Exercise requirements -
In the material below, find the line with "継ぎ脚有り(床高約24cm)"; set down that line and every line after it to the end, exactly, without pictures.

###

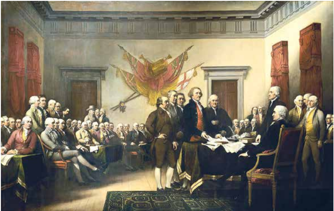
El 4 de julio de 1776, el Segundo Congreso Continental anuncia que Norteamérica era libre y que las 13 colonias ahora eran los nuevos Estados Unidos de América independientes

Sin embargo, la conquista de un derecho político, social, económico o cultural, no asegura que luego no se retroceda en este logro y el derecho desaparezca o se deteriore. Durante la Revolución Francesa se había redactado la Declaración de los Derechos del Hombre y del Ciudadano (1789), donde se proclamaba el lema “Libertad, Igualdad, Fraternidad”. Con la ella nace el concepto de ciudadanía universal que trae como principio que todos los ciudadanos son iguales ante la ley, con libertad de pensamiento, libertad de palabra, de reunión, de culto, pero también tienen la obligación de pagar impuestos, y de ir a la guerra. Sin embargo, cuando una mayoría de burgueses moderados estableció en 1791 la Constitución francesa, en ella no se otorgaba el sufragio universal, sino que era censitario : el derecho a ser votado estaba limitado a los más pudientes; los ciudadanos se clasificaban en activos –que tenían derecho a elegir, a participar en asambleas, formar parte de la Guardia Nacional en defensa de la patria, y, según sus bienes, a ser elegidos– y pasivos , que prácticamente estaban desposeídos de derechos políticos.
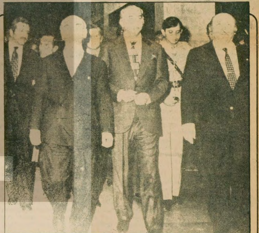
Zulfikar Ali Butto yurdumuzun değerli bir dostuydu. Resimde 22 Nisan 1976 günü RCD toplantısı için biraraya gelen Cumhurbaşkanı Fahri Korutürk, o günkü Başbakan Süleyman Demirel ve Butto görülüyor. (Devamı sa.7, sü.3'de)

HABER MERKEZİ Pakistan Eski Başbakanı Zulfikar Ali Butto'nun evvelki gün sabaha karşı saat ikide idam edildiği, Pakistan hükümeti tarafından açıklandı. Yapılan resmi açıklamaya göre Butto yerel saatle 1.45'de hücrelerinden alındı ve ceza saat ikide infaz edildi. Saat 4 sularında da askeri bir uçakla Sind eyaletindeki Sukkur havaalanına getirildi. Butto'nun cesedinin, havaalanında bekleyen bir helikopterle Naudero'ya nakledilerek burada defnedildiği bildirildi. Türkiye saatiiyle 8.30'da tamamlanan cenaze töreninde Butto'nun iki amcası ve yakınları bulundu. Butto'nun eşi Nusret Butto ve kızı, Ravalpindi'de gözetiminde buldukları için törene katılmadılar. Zulfikar Ali Butto'nun idamı nedeniyle Pakistan ordusunun alma ceğli ve Islamabad'da silahlı birliklerin devriye gezdiği bildirildi. Bilindiği gibi Zulfikar Ali Butto 5 Temmuz 1977'de General Ziya Ul Hak tarafından yapılan (Devamı sa.7, sü.4'de)
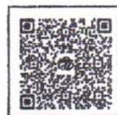
Google Form แบบสำรวจฯ
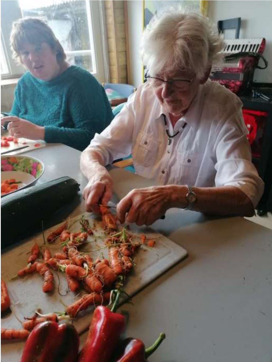
Wat een lieve worteltjes!
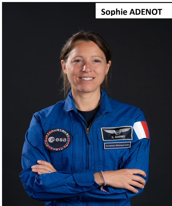
Énigme de vendredi
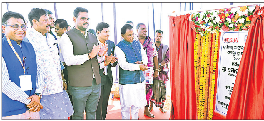
ମୁଖ୍ୟମନ୍ତ୍ରୀ ମୋହନ ଚରଣ ମାଝୀ ଖୋର୍ଦ୍ଧାର ହଳଦୀପଦାଠାରେ ଏକ ପ୍ରକଳ୍ପର ଭିତ୍ତିପ୍ରସ୍ତର ସ୍ଥାପନ କରୁଛନ୍ତି।
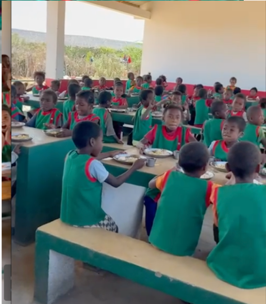
Dotation en blouses
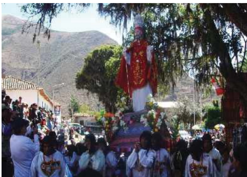
Fotografía N°09: festividad religiosa de San Pedro y San Pablo.

Un lugar especial de este baluarte cultural lo ocupa su iglesia. Al acudir a ella, no es solo un contacto con el arte de alabanza al creador, sino un homenaje de trabajo la multitud de artistas de la zona que interpretan el arte europeo dentro de su visión andina y que nos dejaron como aporte del arte mural andino, atesorando una riqueza artística invaluable. Dentro de esta cultura también se vinieron identificando su identidad cultural de las comunidades andinas como Churubamba, cuyos pobladores usan la ropa típica de la zona. Las principales fiestas y celebraciones del distrito son: 29 de Junio, San Pedro y San Pablo, santos patronales; ese día se le rinde homenaje haciendo un recorrido de paseo de los santos por las principales calles del distrito asemejándose al Corpus Christi cusqueño. El 03 de Mayo, se celebra el Cruz Velacuy. El 14 de Mayo el Chuwi Tarpuy, por San Isidro Labrador. 07 de Octubre, la Virgen del Rosario. Otras fiestas son entre febrero a marzo, carnavales; y entre Marzo y Abril, la Semana Santa.
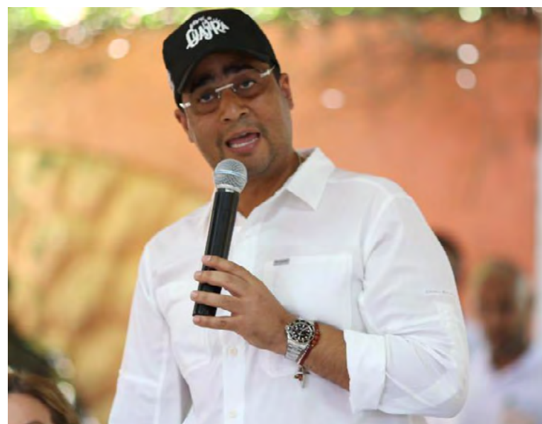
Gobernador Jairo Aguilar.

Nuevamente el gobernante exigió una inversión considerable para La Guajira para que se mejore el servicio de energía.
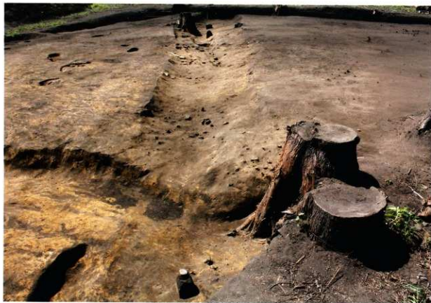
SD15・16 (第8次調査2区 北から)
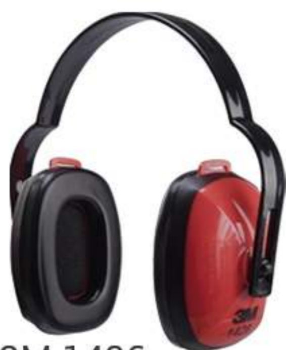
Abafador 3M 1426
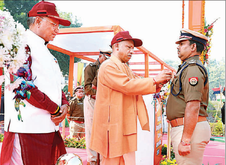
उत्तर प्रदेश होमगार्ड के 63वें स्थापना दिवस पर आयोजित कार्यक्रम के दौरान अधिकारियों को सम्मानित करते मुख्यमंत्री योगी।

उन्होंने जवानों की कर्तव्यनिष्ठा की सराहना करते हुए घोषणा की कि प्रदेश के सभी थानों में होमगार्ड जवानों के लिए एक आरक्षित कमरा उपलब्ध कराया जाएगा, जहां वे
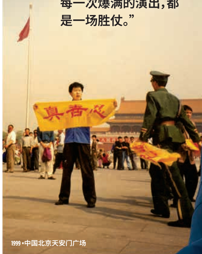
1999 • 中国北京天安门广场
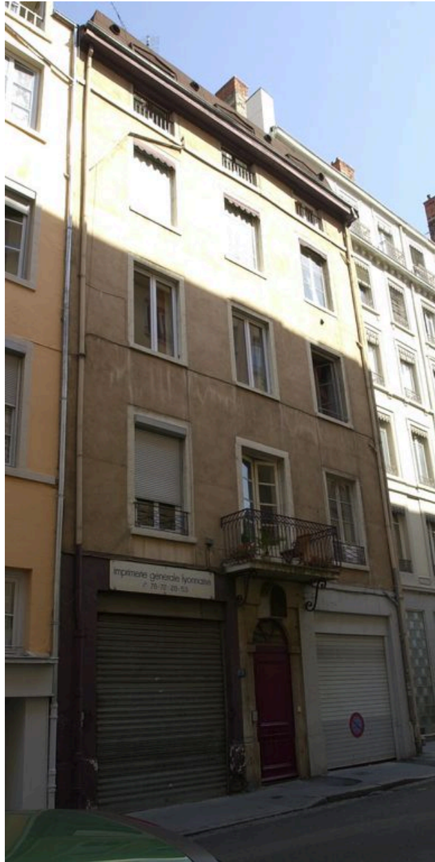
Vue de la façade sur rue
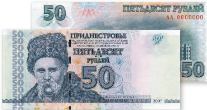
Билет Приднестровского Республиканского банка. 50 руб. образца 2007 г. 129x60 мм
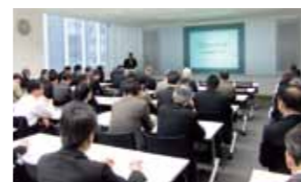
活動報告会 3/29 開催
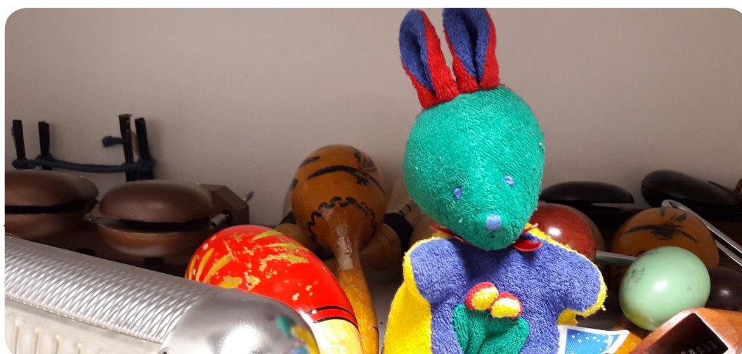
© Les Percussions Claviers de Lyon
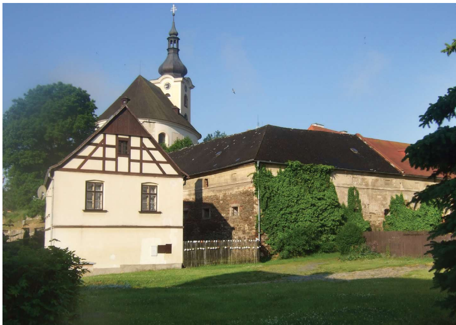
52 | Rozlehlý farní dvůr (zde neomítnuté nároží) zabírá nejspíš prostor původní johanitské komendy.

se i jiné dobyté statky vrací původním majitelům, že to nemá v úmyslu (s argumentem, že jeho zboží odňaté od manětínského panství také ještě stále drží žlutický pán Jan z Vřesovic). 99 Tepelští následovně požádali o intervenci krále, takže 5. června 1480 panovník osobně Švamberka napomínal, aby městečko konečně vydal. 100 Nejspíš marně.
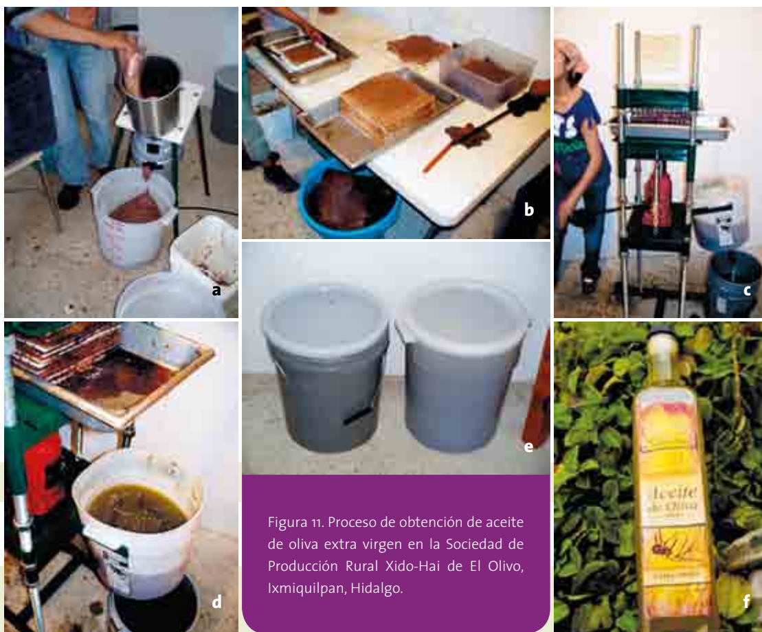
Figura 11. Proceso de obtención de aceite de oliva extra virgen en la Sociedad de Producción Rural Xido-Hai de El Olivo, Ixmiquilpan, Hidalgo.
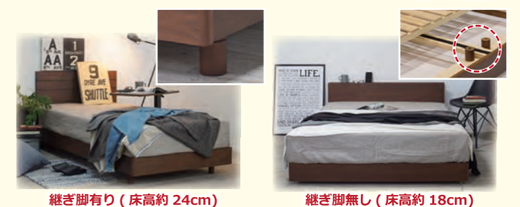
継ぎ脚有り(床高約24cm)
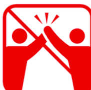
ハイタッチ、肩組み、握手、抱擁
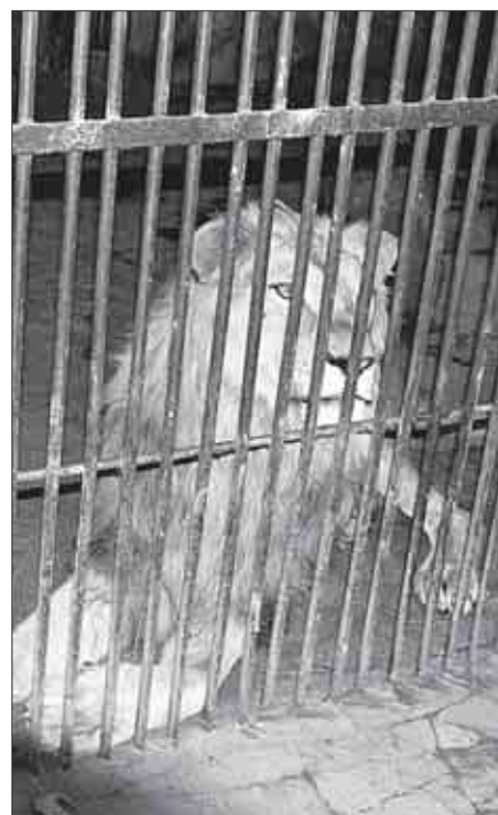
ЛЬВИЦА Нафа устала от скандала.

###

Expected answer -
継ぎ脚有り(床高約24cm)
ハイタッチ、肩組み、握手、抱擁
ЛЬВИЦА Нафа устала от скандала.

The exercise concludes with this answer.